| Description of the task |
The pictures do not belong in the copy. Restate all of the records word for word.

- Opening Delimiter -

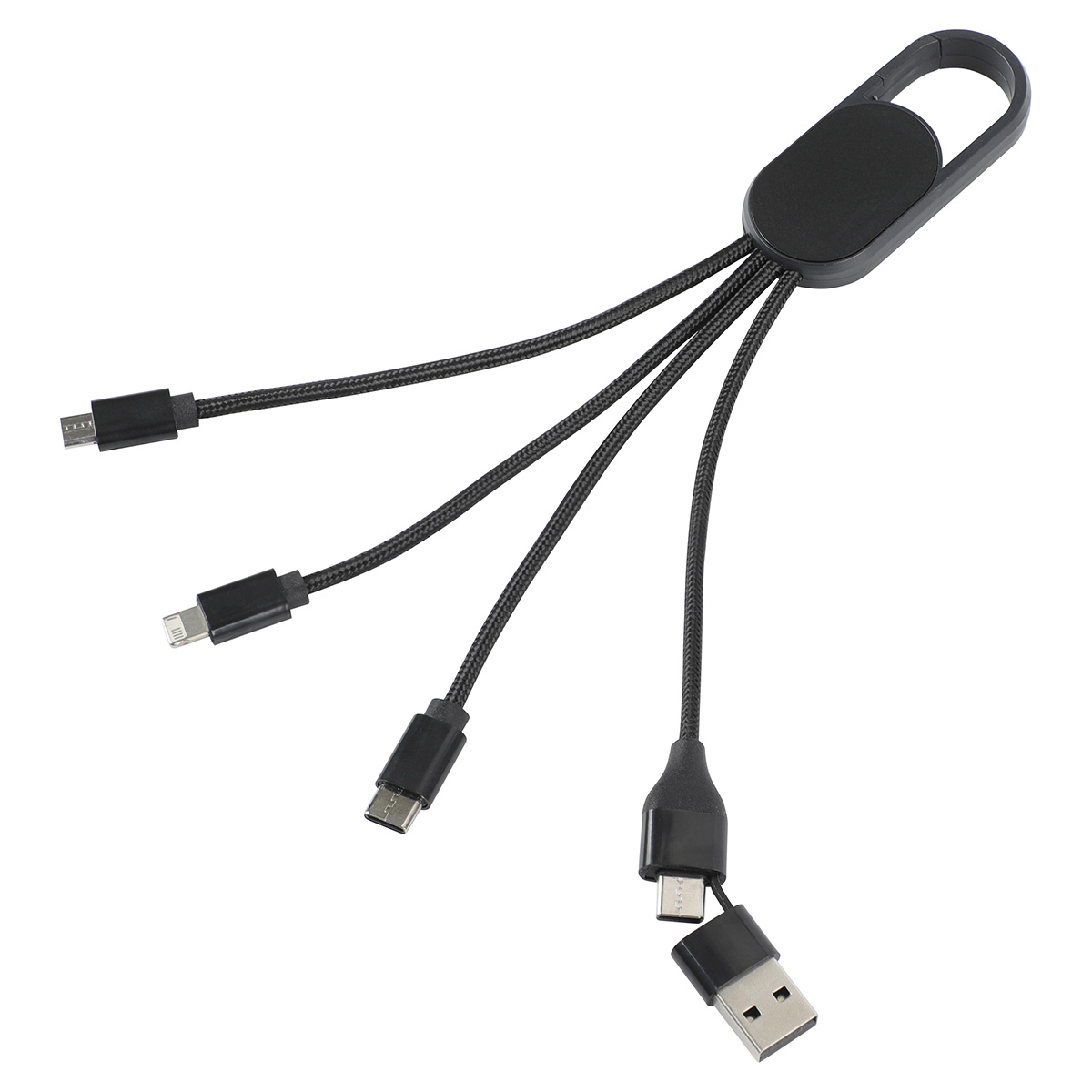 Hex 6-in-1 Light-Up Charging Cable with Carabiner Clip and Recycled Casing
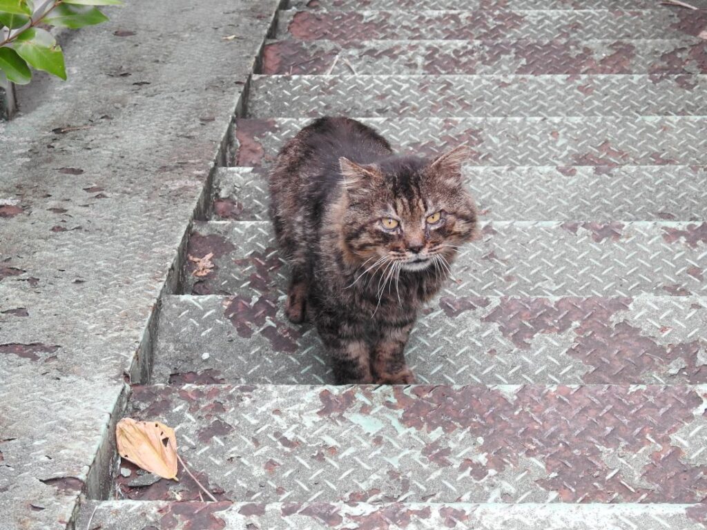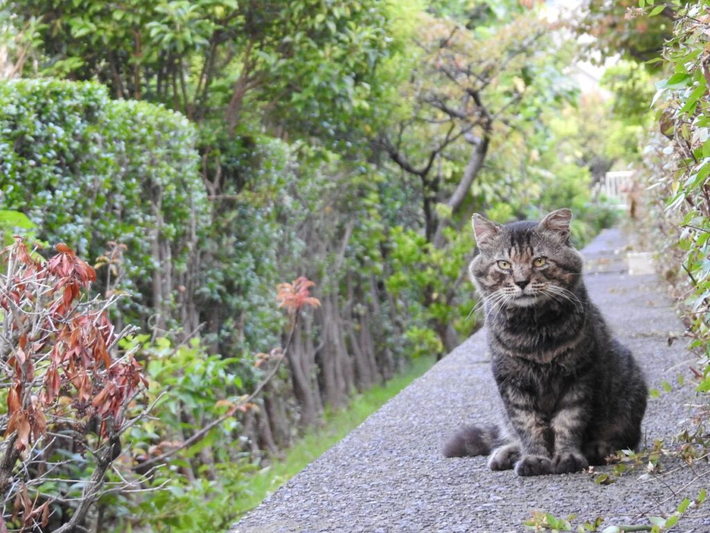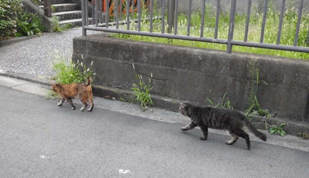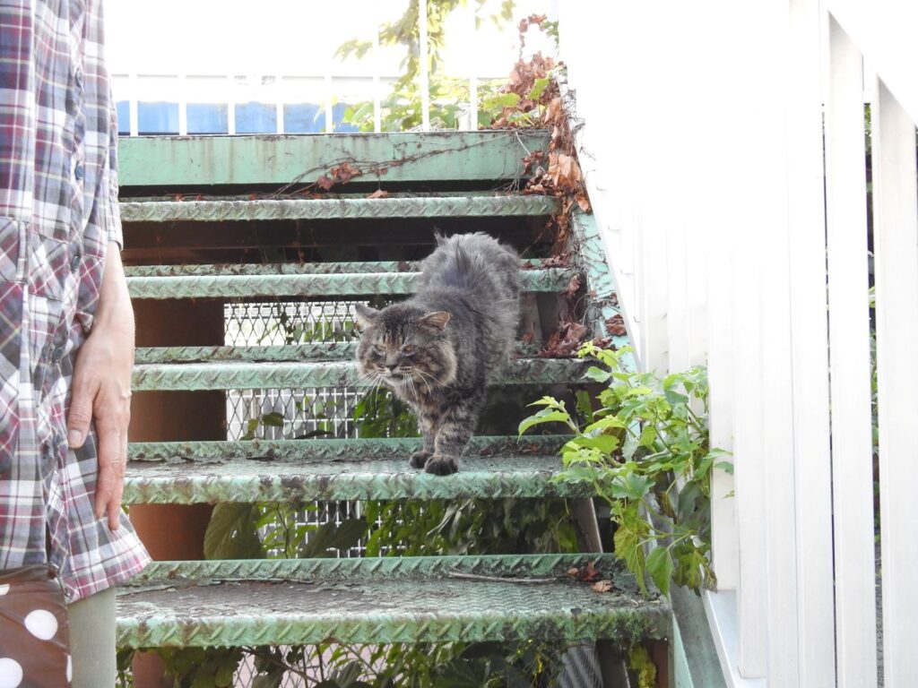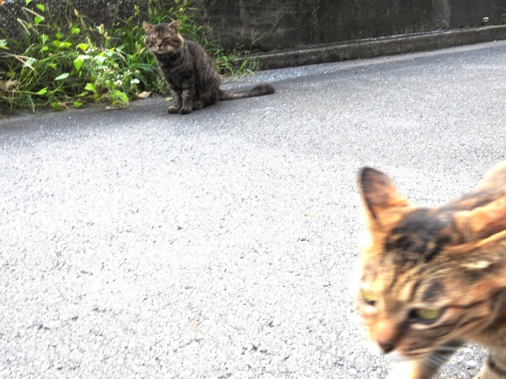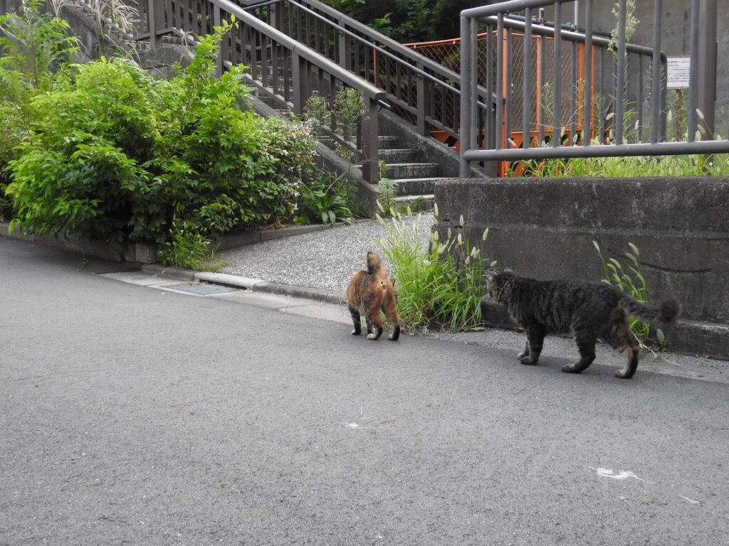 うちらを見つけると「ナオ~ン」と小さな声で呼びかけてから付いてきます。
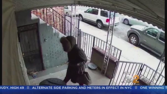 Камера наблюдения запечатлела женщину, которая крадет пакет с парой ботинок с крыльца дома в Бруклине.
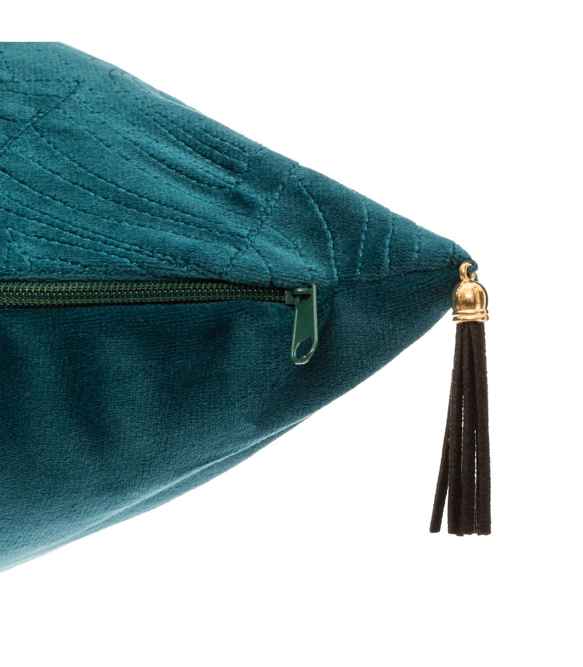 Coussin déhoussable Velours Bleu canard avec Pompons 30 x 50 cm
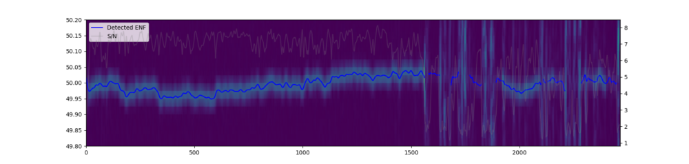 Das liegt auch darin begründet, dass die Harmonics stark in Amplitude abnehmen und die Netzfrequenz im Normalfall um die 50 Hz in einem +/- 20 mHz breiten Korridor, d.h. zwischen 49,98 und 50,02 Hz. schwankt. Darüber hinaus sind ENF-Einstreuungen bei Mobiltelefonen kaum zu erwarten, eher bei netzgebundenen Aufnahmegeräten. Studien zeigten auch, dass die Schwankungen der Netzfrequenz in einem spezifischen Power Grid überraschend konstant sind und damit weitgehend ortsunabhängig.
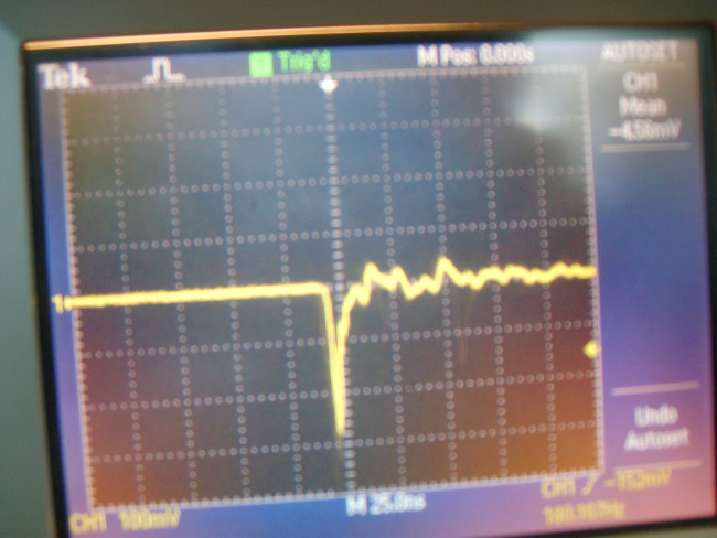 A "good" PMT will display a similar signal such as the one above. Note that the oscilloscope settings are at (100mV/div, 25ns/div) and the trigger level is set so the frequency of signals is around 100Hz. The sudden drop in voltage is caused by the capacitors inside the PMT becoming discharged. They discharge when an electrical pulse is created in the PMT as a result of a high energy particle striking the detector and briefly illuminating the internal scintillator.
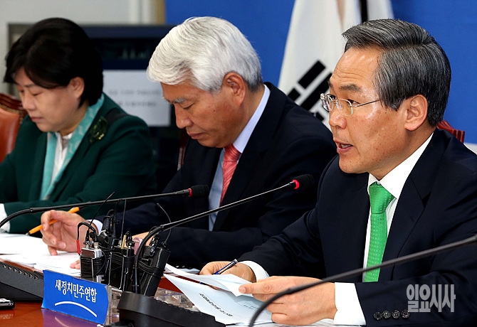17일, 서울 여의도 국회에서 열린 새정치민주연합 원내대책회의서 우윤근 원내대표가 모두발언하고 있다.
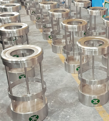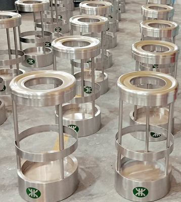 地鐵站簡易套袋透明防爆果皮箱外觀圓形設計,3根實心不銹鋼立柱等分與桶頭底座焊接成型,中間圓形包邊加固,可視設計垃圾存放情況一目了然。
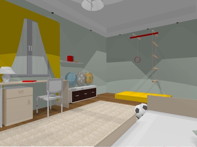 Интерьерное решение детской комнатыВсем здравствуйте!Хочу поделиться с вами проектом(громко сказано конечно:)) детской комнаты для сына.Площадь помещения довольно таки большая - 18м2. Я мучилась очень долго и ночами не спала,придумывая интересные идеи,создала большущую кучу эскизов,и наконец остановилась на одном из них.Его то я вам и представляю:)Что скажете?Может быть кто-то что-то может посоветовать,очень интересно ваше мнение!!!!!

- Closing Delimiter -

| Answer to this exercise |
 Hex 6-in-1 Light-Up Charging Cable with Carabiner Clip and Recycled Casing
 うちらを見つけると「ナオ~ン」と小さな声で呼びかけてから付いてきます。
 Камера наблюдения запечатлела женщину, которая крадет пакет с парой ботинок с крыльца дома в Бруклине.
 Coussin déhoussable Velours Bleu canard avec Pompons 30 x 50 cm
 Das liegt auch darin begründet, dass die Harmonics stark in Amplitude abnehmen und die Netzfrequenz im Normalfall um die 50 Hz in einem +/- 20 mHz breiten Korridor, d.h. zwischen 49,98 und 50,02 Hz. schwankt. Darüber hinaus sind ENF-Einstreuungen bei Mobiltelefonen kaum zu erwarten, eher bei netzgebundenen Aufnahmegeräten. Studien zeigten auch, dass die Schwankungen der Netzfrequenz in einem spezifischen Power Grid überraschend konstant sind und damit weitgehend ortsunabhängig.
 A "good" PMT will display a similar signal such as the one above. Note that the oscilloscope settings are at (100mV/div, 25ns/div) and the trigger level is set so the frequency of signals is around 100Hz. The sudden drop in voltage is caused by the capacitors inside the PMT becoming discharged. They discharge when an electrical pulse is created in the PMT as a result of a high energy particle striking the detector and briefly illuminating the internal scintillator.
17일, 서울 여의도 국회에서 열린 새정치민주연합 원내대책회의서 우윤근 원내대표가 모두발언하고 있다.
 地鐵站簡易套袋透明防爆果皮箱外觀圓形設計,3根實心不銹鋼立柱等分與桶頭底座焊接成型,中間圓形包邊加固,可視設計垃圾存放情況一目了然。
 Интерьерное решение детской комнатыВсем здравствуйте!Хочу поделиться с вами проектом(громко сказано конечно:)) детской комнаты для сына.Площадь помещения довольно таки большая - 18м2. Я мучилась очень долго и ночами не спала,придумывая интересные идеи,создала большущую кучу эскизов,и наконец остановилась на одном из них.Его то я вам и представляю:)Что скажете?Может быть кто-то что-то может посоветовать,очень интересно ваше мнение!!!!!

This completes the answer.